This is the TypeScript equivalent of CrewAI's context=[self.appraise_loss_task(), self.analyze_evidence_task()], but instead of framework magic, you're explicitly passing data through state.

Step 2: Update buildGraph to Include All Three Nodes

👉 Update the buildGraph method to include the Lead Detective:

    private buildGraph(): StateGraph<AgentState> {
        const workflow = new StateGraph<AgentState>({
            channels: {
                payload: null,
                suspect_names: null,
                appraisal_result: null,
                evidence_analysis: null,
                final_conclusion: null,
                messages: null,
            },
        })

        workflow
            .addNode('appraiser', this.appraiserNode.bind(this))
            .addNode('evidence_analyst', this.evidenceAnalystNode.bind(this))
            .addNode('lead_detective', this.leadDetectiveNode.bind(this))
            .addEdge(START, 'appraiser')
            .addEdge('appraiser', 'evidence_analyst')
            .addEdge('evidence_analyst', 'lead_detective')
            .addEdge('lead_detective', END)

        return workflow
    }

💡 The execution order is defined entirely by the edges:

1. START → appraiser — workflow begins with the Appraiser
2. appraiser → evidence_analyst — after RPT-1 completes, Evidence Analyst runs
3. evidence_analyst → lead_detective — after grounding completes, Lead Detective synthesizes
4. lead_detective → END — Lead Detective's conclusion becomes the final result

Step 3: Verify main.ts

👉 Check your /project/JavaScript/starter-project/src/main.ts: it needs no changes from Exercise 04.

import 'dotenv/config'
import { InvestigationWorkflow } from './investigationWorkflow.js'
import { payload } from './payload.js'

async function main() {
    console.log('═══════════════════════════════════════════════════════════')
    console.log('   🔍 ART THEFT INVESTIGATION - MULTI-AGENT SYSTEM')
    console.log('═══════════════════════════════════════════════════════════\n')

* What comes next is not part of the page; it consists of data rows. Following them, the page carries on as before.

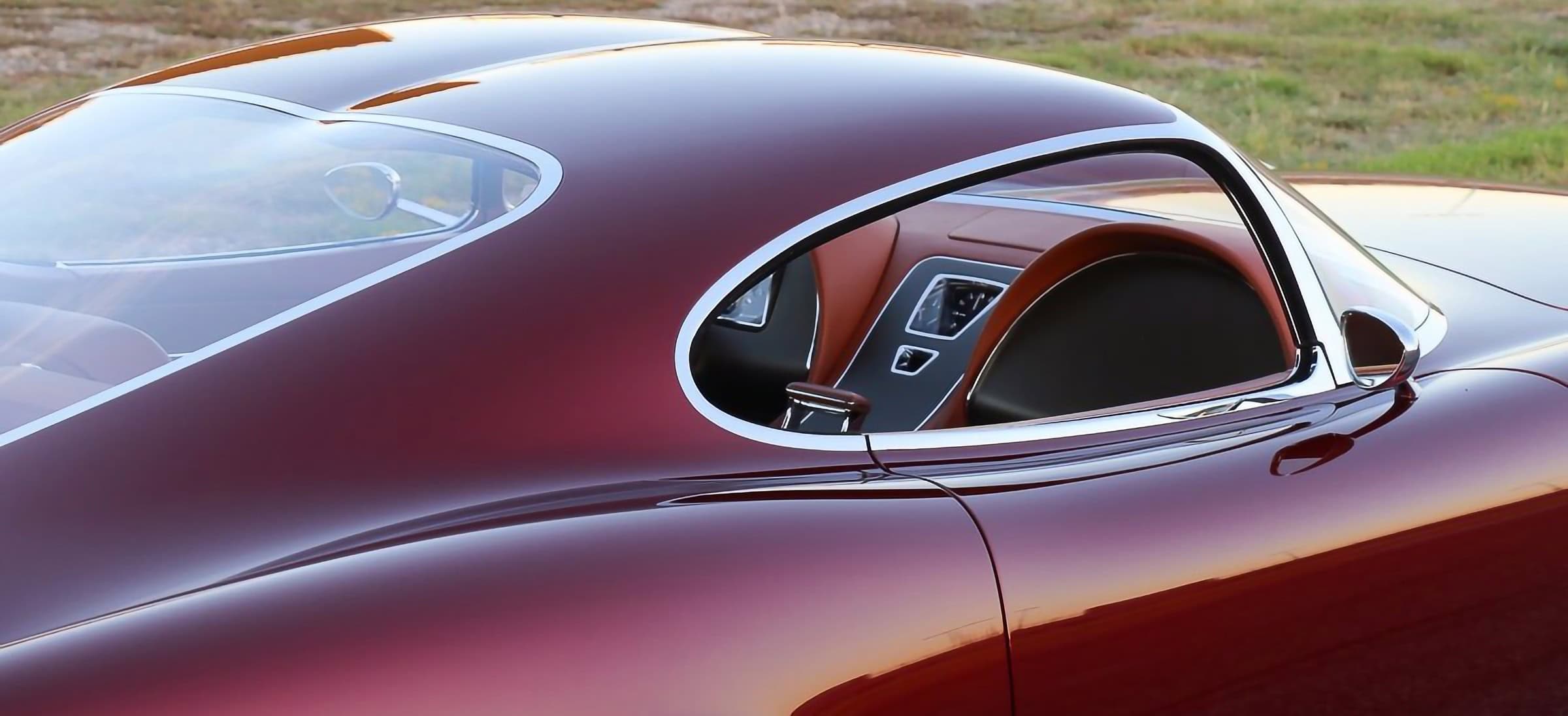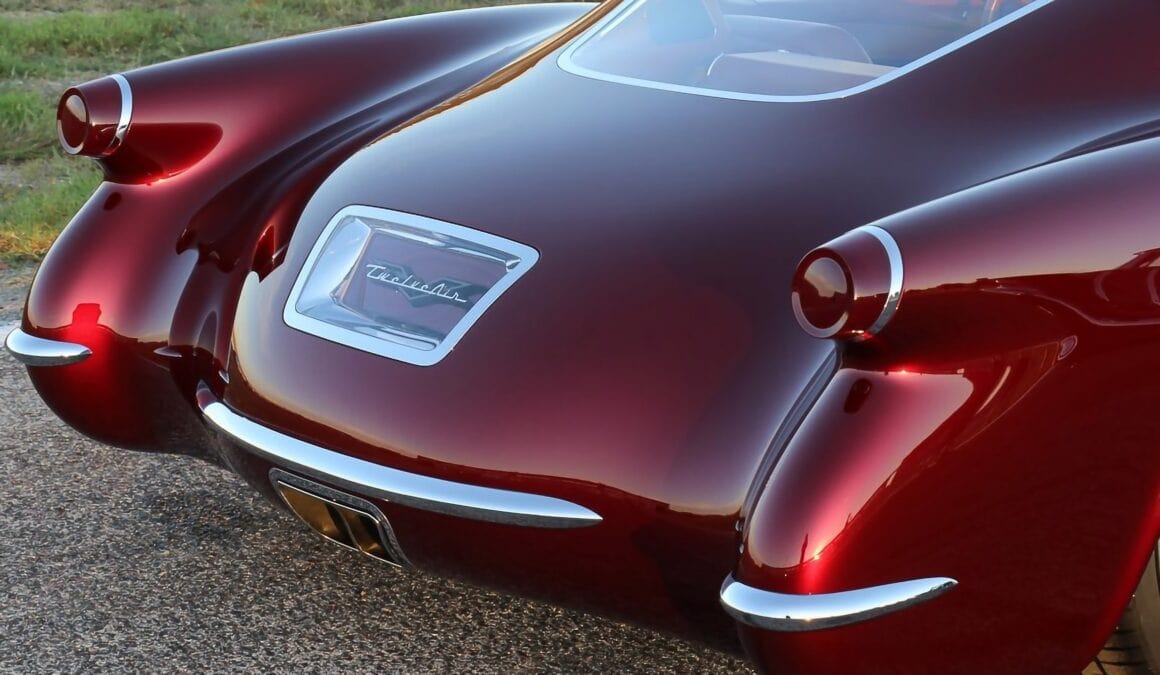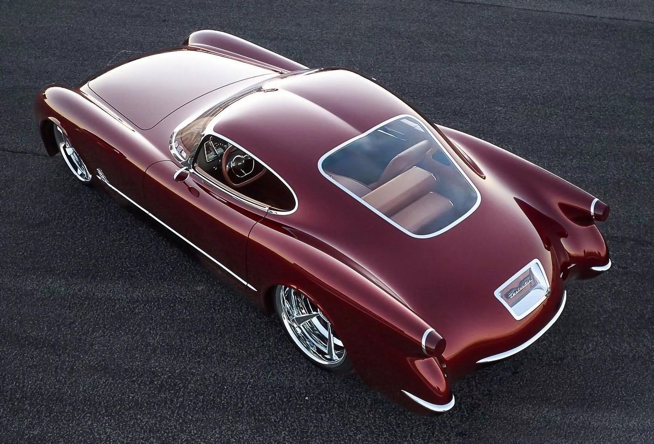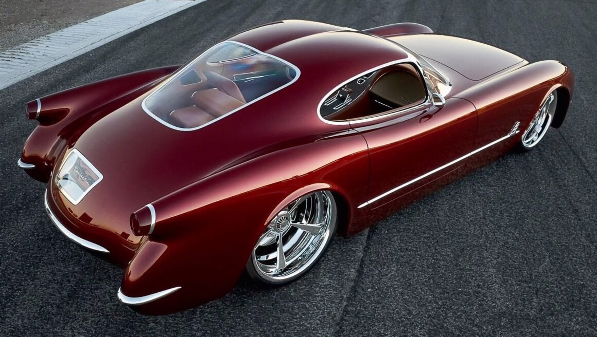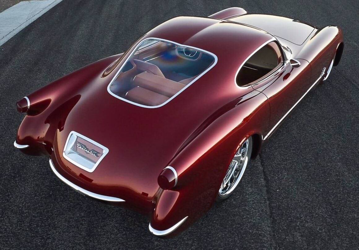 Celui de nombreuses années d’expériences de Kindig en matière de conception, de fabrication et de construction de voitures personnalisées. Il est basé sur un design prétendu vierge mais inspiré du concept-car Chevy Corvair, une version fastback de la Corvette de première génération (1953) qui n’a jamais vu le jour. Et ce, avec diverses adaptations glanées un pneu partouze telle la Volvo P1800 “Le Saint”... La version de Kindig intègre également d’autres éléments de design innovants de l’époque, comme un toit à double bulle similaire à ceux que l’on trouve sur les Ferrari vintage et autres voitures de sport italiennes.
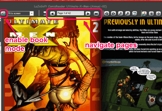 At the top, you can use buttons to navigate pages. Or else, click on a particular thumbnail to open the required page. If you want to view two continuous pages of your comic, simply enable Book Mode using available button.
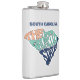 Fun and colorful typographic design with a retro feel features the state of South Carolina's nickname: The Palmetto State displayed within a state shaped silhouette
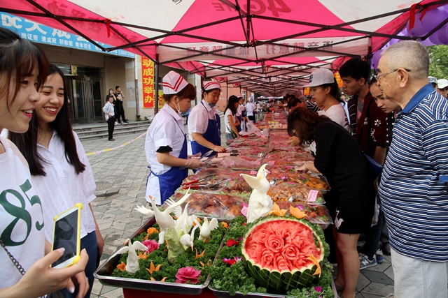 民以食為天,食以安為先。本次食品展銷的食品均是各食堂親自加工制作的,食品來源安全、可靠,飲料、水果展銷商也是具有食品安全和營業(yè)資質(zhì)的商家。活動現(xiàn)場,遮陽傘架下,來自學生一至八食堂的美食展銷單位依次排列,展臺上擺滿了特色繁多的美食精品,各食堂師傅紛紛亮出自己的絕活,龍鳳呈祥、孔雀開屏、松鶴延年、天降祥龍等精美食材雕刻讓在場的人們驚嘆不已。300余種主副食品芳香四溢、五味俱全:烤全羊味道十足、特色烤串兒香飄十里、紅燒肉油而不膩 、炸雞翅香脆質(zhì)嫩、板粟雞塊咸甜適中、麻辣鱈魚麻辣鮮香、糖醋排骨酸甜可口、美味香春卷鮮美甘脆、水果沙拉清爽多汁、豆沙涼糕香甜軟糯……現(xiàn)場師生和市民紛紛拿出手機、相機進行拍照并第一時間利用微信、微博等新媒體發(fā)到朋友圈,曬美食樂事,表達愉悅心情,一時間人們紛紛在網(wǎng)上為學校食堂廚師的精湛廚藝點贊。美食展銷,蜚聲校園內(nèi)外,贏得一片點贊。
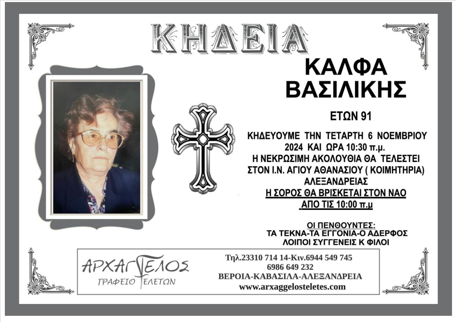 Έφυγε από τη ζωή και κηδεύεται την Τετάρτη 6 Νοεμβρίου 2024 στις 10.30 π.μ. από τον Ιερό Ναό Αγίου Αθανασίου (κοιμητήρια) Αλεξάνδρειας η Βασιλική Κάλφα σε ηλικία 91 ετών.
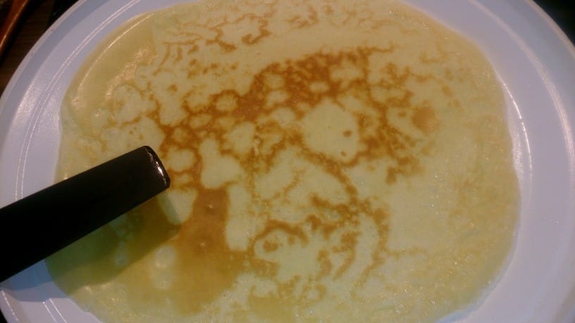 Pazimo, da se palačinka ne prepeče. Mora dobiti barvo, a obenem ostati prožna in mehka.
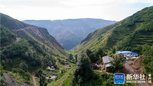 ↑这是8月29日在云南省曲靖市会泽县大海乡拍摄的仇文飞家(右下,无人机拍摄)。新华社记者 胡超 摄
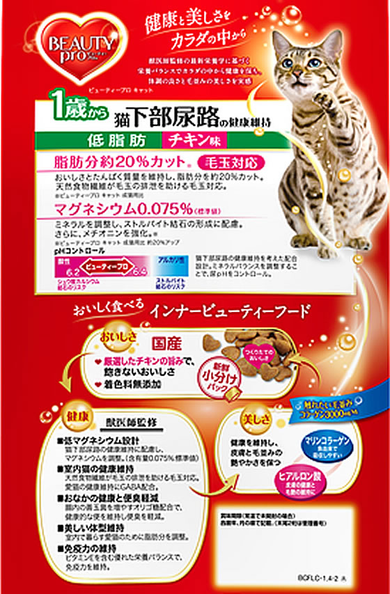 【レビュー投稿で100円OFFクーポン】【お取り寄せ】日本ペットフード ビューティープロ猫低脂肪1歳チキン味1.4kg ドライフード 猫 ペット キャットフード
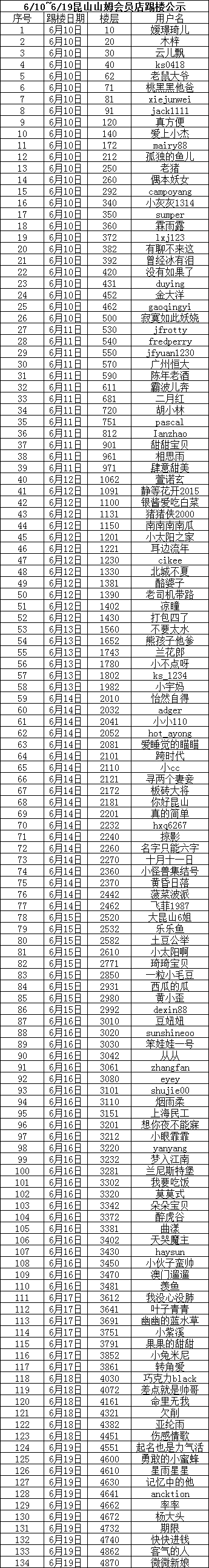 说明:每个ID只有一次中奖机会,多次中奖的ID以第一次中奖楼数为准。
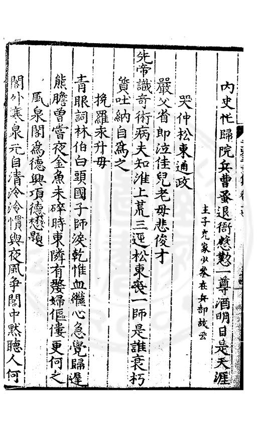 老諸公衮衮覺誰憂巳傳新將韓擒虎無復偷兒奡盪舟定到五更宫漏下可忘問寢到龍樓
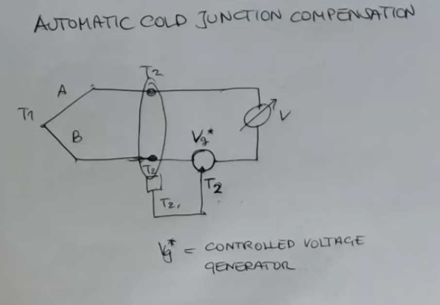 Equivalent electrical circuit of a thermocouple:
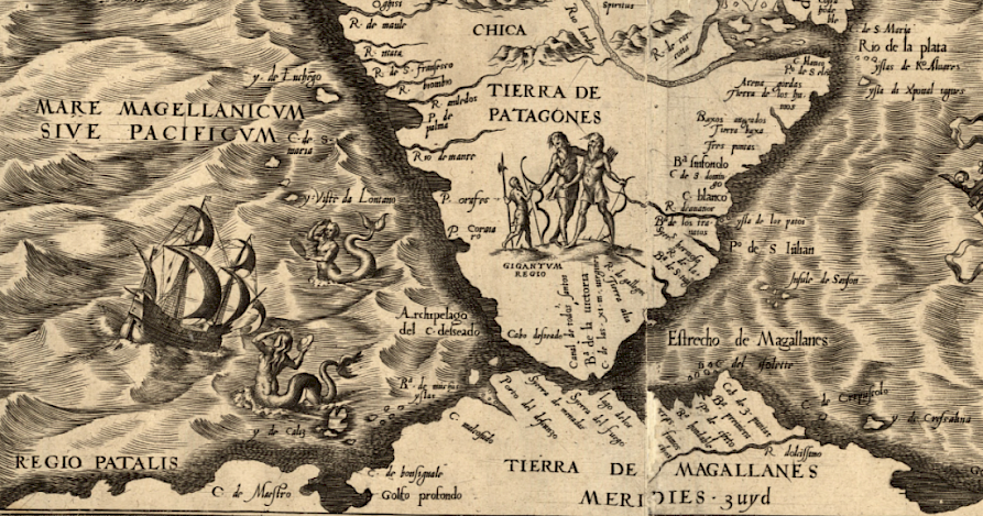 …patagoniar bat ekarri zuten itsasontzietara txalupan eta jaten eman zioten eta ardoa edaten. Asko poztu zuten beste gauzatxo batzuk ere eman zizkioten, bereziki ispilu bat; bere irudia bertan ikusi zuenez, hain zegoen ikaratuta, ikustekoa zen zer egiten zuen. Urrea eta zilarra ere erakutsi zizkioten, baina ez zuen inolako keinurik egin. Handia zen gorputzez eta itsusia. Zebra-larru bat zeraman soinean, ostrukaren lumekin egindako lumajea buruan, arku bat eta abarkak oinetan. Iluntzen ari zela ikusita, lurrera eraman zezaten keinu egin zien. Andres Urdaneta, 1536
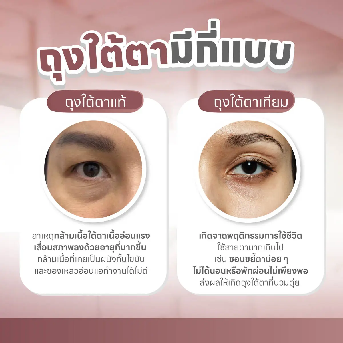 - ถุงใต้ตาแท้ คือ ลักษณะของผิวบริเวณใต้ตาหย่อนคล้อย จากสาเหตุกล้ามเนื้อใต้ตาเนื้ออ่อนแรงเสื่อมสภาพลงด้วยอายุที่มากขึ้น กล้ามเนื้อที่เคยเป็นผนังกั้นไขมันและของเหลวอ่อนแอทำงาได้ไม่ดี ไขมันและของเหลวจึงเคลื่อนที่ไหลลงมากองบริเวณด้านหน้าทำให้ถุงใต้ตาบวมนู่นขึ้น
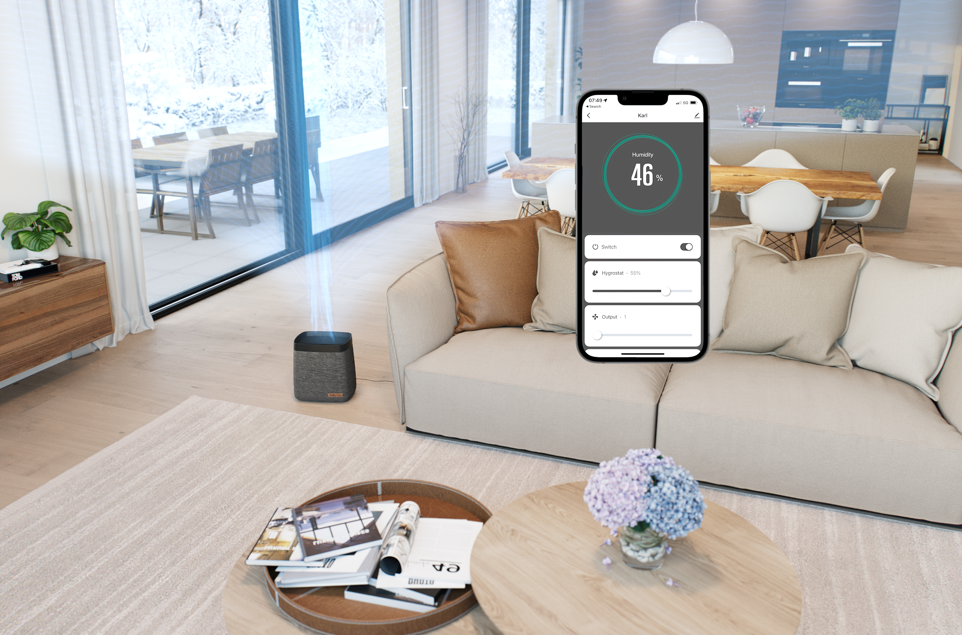 Karl – de luchtbevochtiger met power Luchtbevochtiger Stadler Form Karl behaalt snel en economisch het gewenste resultaat. In de automatische modus selecteert Karl zelfstandig het juiste bevochtigingsniveau. Hij brengt de luchtvochtigheid in korte tijd naar de gewenste waarde van 40-55%. Na het bereiken van de gezonde luchtvochtigheid controleert hij regelmatig of deze niet te ver daalt, en zal opnieuw vocht verspreiden als de lucht in huis weer te droog wordt. Karl is van bovenaf te vullen Karl is eenvoudig vanaf de bovenzijde te vullen, dit is een groot voordeel voor een luchtbevochtiger. Via een goed bereikbare klep aan de bovenzijde is vullen in een paar seconden gedaan. Het maakt de Stadler Form Karl bevochtiger gebruiksvriendelijk en hygiënisch. Uitgebreide bediening, via het display of via uw smartphone Bedien luchtbevochtiger Karl op het apparaat zelf, of stel hem in via een app op uw smartphone. Waar u ook bent, controleer zijn werking en stel de luchtvochtigheid in zodat de omstandigheden optimaal blijven terwijl u weg bent. Voor een ongestoorde nachtrust kunnen de led-functielampen van Karl worden gedimd of helemaal uitgeschakeld. De drie belangrijkste kenmerken van Stadler Form Karl Efficiënte bevochtiging met een laag stroomverbruik Van bovenaf vullen, ook tijdens bedrijf Bedienbaar via smartphone-app Stadler Form Karl eigenschappen Automatische uitschakeling Hygrostaat LED-dimmer Herinnering filterwissel Compatibel met Oskar-filterpakket Gemakkelijk navulbaar tijdens gebruik Natuurlijke bevochtiging door verdampingstechnologie, tot 690 g per uur Functiecontrole via smartphone-app Waterniveau venster Accessoires: Water Cube™, Luchtbevochtigerfilters Specificaties Bevochtigingscapaciteit: tot 690 g/uur Kamergrootte: tot 100 m² / 250 m³ Tankinhoud: 4,7 liter Vermogen: 1,4 – 30 watt, 4 standen Apparaatbediening via app
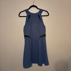 bcbgeneration dress • blue fit and flare dress • mesh cutout dress • cocktail dress • womens party dress • bcbg mini dress • size 10 womens dress • wedding guest outfit • modern evening dress
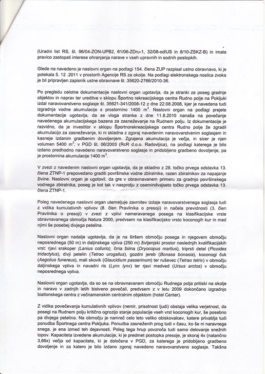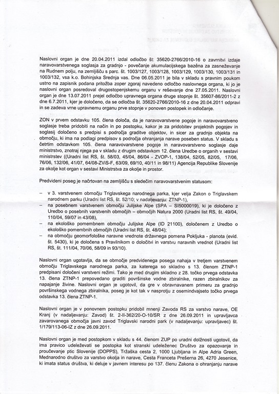 Dodal je, da so jim v Arsu podobno odločbo izdali že pred časom, vendar je drugostopenjski organ (ministrstvo za okolje in prostor) prvostopenjsko odločbo odpravil in Arsu naložil, naj začne nov postopek. Prepričan je, da bodo tudi v tem primeru dokazali, da večji akumulacijski bazen bistveno ne vpliva na naravno okolje, in pri tem izpostavil, da raste populacija divjega petelina na tem območju.
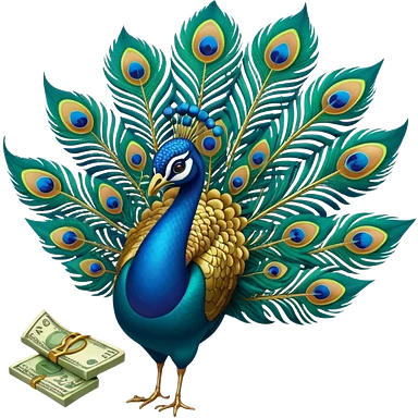 Peacock feather and money emoji | AI Emoji Generator
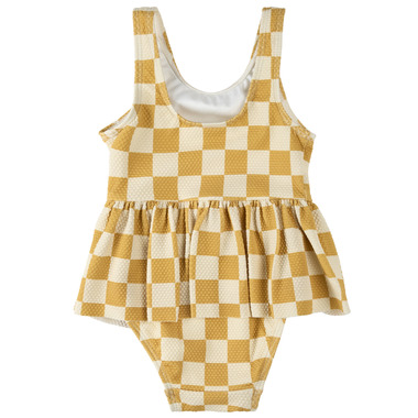 Petit Lem Swim Skirted Swimsuit Checkerboard Orange Yellow
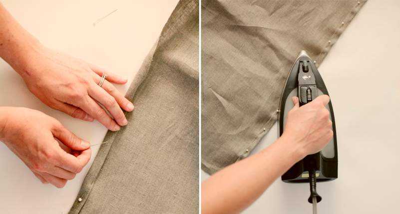 - Кладем ткань на стол «лицом» вниз, загибаем ее края на 1 см на изнанку, фиксируем загибы булавками (при необходимости наметываем) и утюжим по всему периметру ткани.
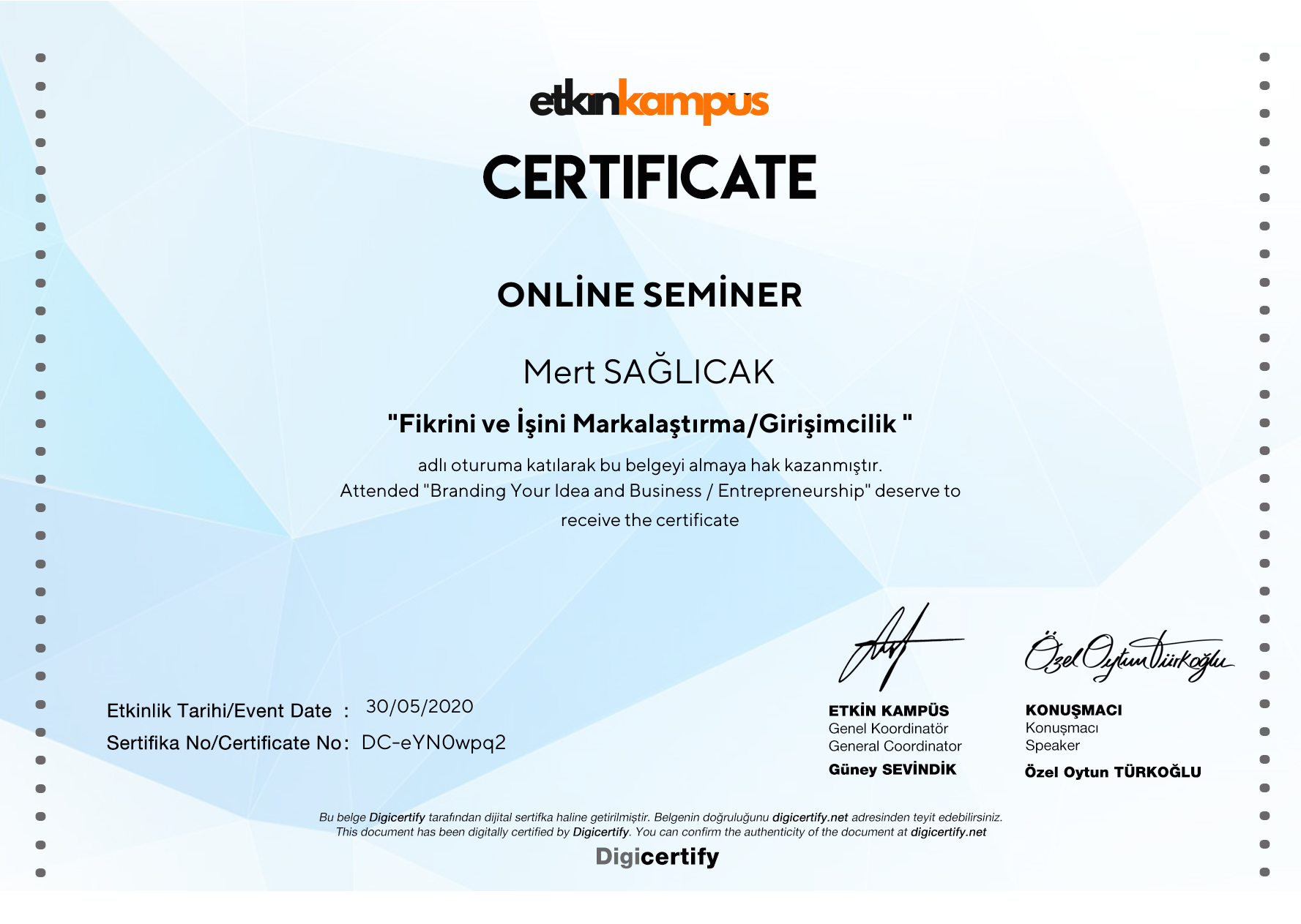 Sertifikaları görüntüleme adresiniz: https://digicertify.net//my/eYN0wpq2

    const workflow = new InvestigationWorkflow(process.env.MODEL_NAME!)
    const suspectNames = 'Sophie Dubois, Marcus Chen, Viktor Petrov'

    console.log('📋 Case Details:')
    console.log(`   • Stolen Items: ${payload.rows.length} artworks`)
    console.log(`   • Suspects: ${suspectNames}`)
    console.log(`   • Investigation Team: 3 specialized agents\n`)

    const startTime = Date.now()

    const result = await workflow.kickoff({
        payload,
        suspect_names: suspectNames,
    })

    const duration = ((Date.now() - startTime) / 1000).toFixed(2)

    console.log('\n═══════════════════════════════════════════════════════════')
    console.log('   📘 FINAL INVESTIGATION REPORT')
    console.log('═══════════════════════════════════════════════════════════\n')
    console.log(result)
    console.log('\n═══════════════════════════════════════════════════════════')
    console.log(`   ⏱️  Investigation completed in ${duration} seconds`)
    console.log('═══════════════════════════════════════════════════════════\n')
}

main()

---

Solve the Crime

👉 Run your complete investigation workflow:

npx tsx src/main.ts

⏱️ This may take 2-5 minutes as your agents:

1. Predict insurance values for stolen items using SAP-RPT-1
2. Search evidence documents for each suspect using the Grounding Service
3. Analyze all findings and identify the culprit

👉 Review the final output. Who does your Lead Detective identify as the thief?

👉 Call for the instructor and share your suspect.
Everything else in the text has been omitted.